Hauptmann, Steffin, and Berlau were intriguing and talented personalities. Their importance to Brecht’s work has never been ignored or gone unacknowledged by biographers and scholars. They were each clearly in love with Brecht the man for periods of time, and even when romantic passions cooled, they remained dedicated to assisting Brecht the artist. Fuegi’s wish to bring these women to life in the pages of Brecht and Company is in many respects born of good intentions. Their stories are often fascinating. When Brecht went into exile in 1933, Elisabeth Hauptmann risked her life to remain behind in Berlin. Under the increasingly suspicious eye of the Gestapo, she managed to smuggle all of Brecht’s papers and manuscripts out of Germany. Margarete Steffin’s story is especially tragic, as she suffered from tuberculosis and died painfully in 1941 at the age of 33. Ruth Berlau was a dynamic actress and theater director who met Brecht during his Denmark exile. Her pluck and energy are vividly conveyed in Brecht and Company. Unfortunately, Fuegi’s insistence on casting each of these women in the role of victim seriously undercuts his stated intent to give them their due as individuals. Ironically, it is Fuegi himself who seems to be exploiting Hauptmann, Steffin, and Berlau in his sinister efforts to malign Brecht.

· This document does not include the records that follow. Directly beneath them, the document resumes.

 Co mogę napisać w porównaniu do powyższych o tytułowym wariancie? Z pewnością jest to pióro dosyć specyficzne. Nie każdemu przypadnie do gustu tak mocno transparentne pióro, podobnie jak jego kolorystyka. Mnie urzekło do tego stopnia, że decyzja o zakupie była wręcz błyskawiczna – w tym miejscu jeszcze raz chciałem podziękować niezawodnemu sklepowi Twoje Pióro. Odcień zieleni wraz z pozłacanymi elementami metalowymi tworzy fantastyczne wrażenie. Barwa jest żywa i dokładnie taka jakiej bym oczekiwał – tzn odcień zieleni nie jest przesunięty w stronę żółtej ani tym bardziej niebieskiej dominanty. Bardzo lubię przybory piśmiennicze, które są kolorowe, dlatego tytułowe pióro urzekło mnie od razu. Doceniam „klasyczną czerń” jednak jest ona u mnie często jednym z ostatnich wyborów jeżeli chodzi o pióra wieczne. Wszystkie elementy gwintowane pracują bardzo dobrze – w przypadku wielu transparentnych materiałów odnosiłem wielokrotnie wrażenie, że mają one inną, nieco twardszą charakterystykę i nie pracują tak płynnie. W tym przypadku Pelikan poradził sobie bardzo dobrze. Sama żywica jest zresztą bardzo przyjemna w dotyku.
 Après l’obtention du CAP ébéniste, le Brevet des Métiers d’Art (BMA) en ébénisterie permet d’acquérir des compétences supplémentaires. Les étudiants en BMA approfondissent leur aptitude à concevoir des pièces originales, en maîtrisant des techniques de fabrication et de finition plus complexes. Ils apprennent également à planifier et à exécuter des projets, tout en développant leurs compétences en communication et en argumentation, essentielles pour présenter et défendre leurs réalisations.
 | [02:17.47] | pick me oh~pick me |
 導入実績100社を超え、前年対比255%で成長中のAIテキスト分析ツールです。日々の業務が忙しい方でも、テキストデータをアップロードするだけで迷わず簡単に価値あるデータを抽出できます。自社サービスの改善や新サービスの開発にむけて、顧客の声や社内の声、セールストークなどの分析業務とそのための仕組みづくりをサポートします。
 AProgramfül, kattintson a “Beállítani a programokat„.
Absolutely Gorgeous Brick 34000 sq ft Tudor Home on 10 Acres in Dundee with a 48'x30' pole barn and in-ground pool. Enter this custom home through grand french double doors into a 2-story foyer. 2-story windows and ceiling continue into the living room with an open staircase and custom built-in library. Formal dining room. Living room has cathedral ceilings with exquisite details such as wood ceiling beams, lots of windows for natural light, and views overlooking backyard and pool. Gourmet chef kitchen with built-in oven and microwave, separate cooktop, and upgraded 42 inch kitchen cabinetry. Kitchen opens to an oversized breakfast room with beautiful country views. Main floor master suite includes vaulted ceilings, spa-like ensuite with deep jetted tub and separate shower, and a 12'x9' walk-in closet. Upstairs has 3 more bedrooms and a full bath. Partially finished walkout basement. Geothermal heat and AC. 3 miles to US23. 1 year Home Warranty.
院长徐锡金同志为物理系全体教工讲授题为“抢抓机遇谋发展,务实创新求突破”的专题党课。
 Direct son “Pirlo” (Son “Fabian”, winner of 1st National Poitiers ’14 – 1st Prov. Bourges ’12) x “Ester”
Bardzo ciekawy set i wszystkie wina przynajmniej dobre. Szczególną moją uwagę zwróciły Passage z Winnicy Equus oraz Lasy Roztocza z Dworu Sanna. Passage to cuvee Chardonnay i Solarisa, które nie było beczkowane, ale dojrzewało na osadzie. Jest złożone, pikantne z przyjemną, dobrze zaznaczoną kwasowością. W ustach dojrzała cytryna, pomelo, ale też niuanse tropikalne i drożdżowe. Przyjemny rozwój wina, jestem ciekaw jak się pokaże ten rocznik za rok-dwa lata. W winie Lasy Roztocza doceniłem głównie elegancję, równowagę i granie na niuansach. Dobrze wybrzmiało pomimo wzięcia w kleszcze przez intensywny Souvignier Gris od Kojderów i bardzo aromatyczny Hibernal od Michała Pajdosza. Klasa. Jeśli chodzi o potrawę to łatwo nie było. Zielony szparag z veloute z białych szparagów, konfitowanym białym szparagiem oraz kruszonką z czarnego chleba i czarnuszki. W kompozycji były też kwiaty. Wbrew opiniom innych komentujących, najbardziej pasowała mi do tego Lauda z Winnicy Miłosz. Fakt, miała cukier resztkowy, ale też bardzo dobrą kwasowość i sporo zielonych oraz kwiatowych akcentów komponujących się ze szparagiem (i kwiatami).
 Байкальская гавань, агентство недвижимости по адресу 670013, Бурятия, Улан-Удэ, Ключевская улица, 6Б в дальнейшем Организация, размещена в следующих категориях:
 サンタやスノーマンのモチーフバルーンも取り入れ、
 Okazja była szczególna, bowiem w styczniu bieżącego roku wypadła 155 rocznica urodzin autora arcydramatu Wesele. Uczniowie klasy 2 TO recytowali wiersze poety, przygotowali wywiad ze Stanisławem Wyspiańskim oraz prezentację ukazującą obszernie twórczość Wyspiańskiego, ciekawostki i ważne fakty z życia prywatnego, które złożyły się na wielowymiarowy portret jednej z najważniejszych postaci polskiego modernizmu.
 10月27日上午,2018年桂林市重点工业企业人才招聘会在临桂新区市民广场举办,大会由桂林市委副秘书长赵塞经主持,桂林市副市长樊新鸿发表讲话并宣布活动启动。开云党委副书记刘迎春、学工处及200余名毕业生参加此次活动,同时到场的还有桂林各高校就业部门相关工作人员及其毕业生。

John Fuegi was at one time a respected Brechtian authority. He founded the International Brecht Society in 1970 and edited its annual journal up until 1989, when he left the Society, presumably to work on his book. The publication of Brecht and Company in 1994 created a firestorm of controversy in both the mainstream press and academic circles. Four Brecht scholars jointly issued a 100-page chapter by chapter refutation titled “A Brechtbuster Goes Bust: Scholarly Mistakes, Misquotes, and Malpractices in John Fuegi’s Brecht and Company.” It was published in the Brecht Yearbook series that John Fuegi formerly edited. One of the scholars, John Willett (whom Fuegi used as an important—and misquoted—source in his book), wrote the following:
In over 30 years in the profession I have not read an allegedly scholarly book on any subject I knew well that fell so short of minimum standards of serious scholarship. The evidence it presents is, for the most part, so flawed or unsustainable and the presentation of that evidence violates basic standards of accuracy and responsibility so egregiously that the book cannot stand up to careful scrutiny.
Bertolt Brecht’s position in the pantheon of 20th century literary giants appears secure as the millennium approaches. His stature is such that no single biography, whether hagiographic or insulting, is going to be the last word on his life and art. John Fuegi’s Brecht and Company is worth no one’s time. Virtually any other Brecht biography is preferable. Highly recommended is Frederic Ewen’s Bertolt Brecht, published in 1962, and reissued by Citadel Press in 1992.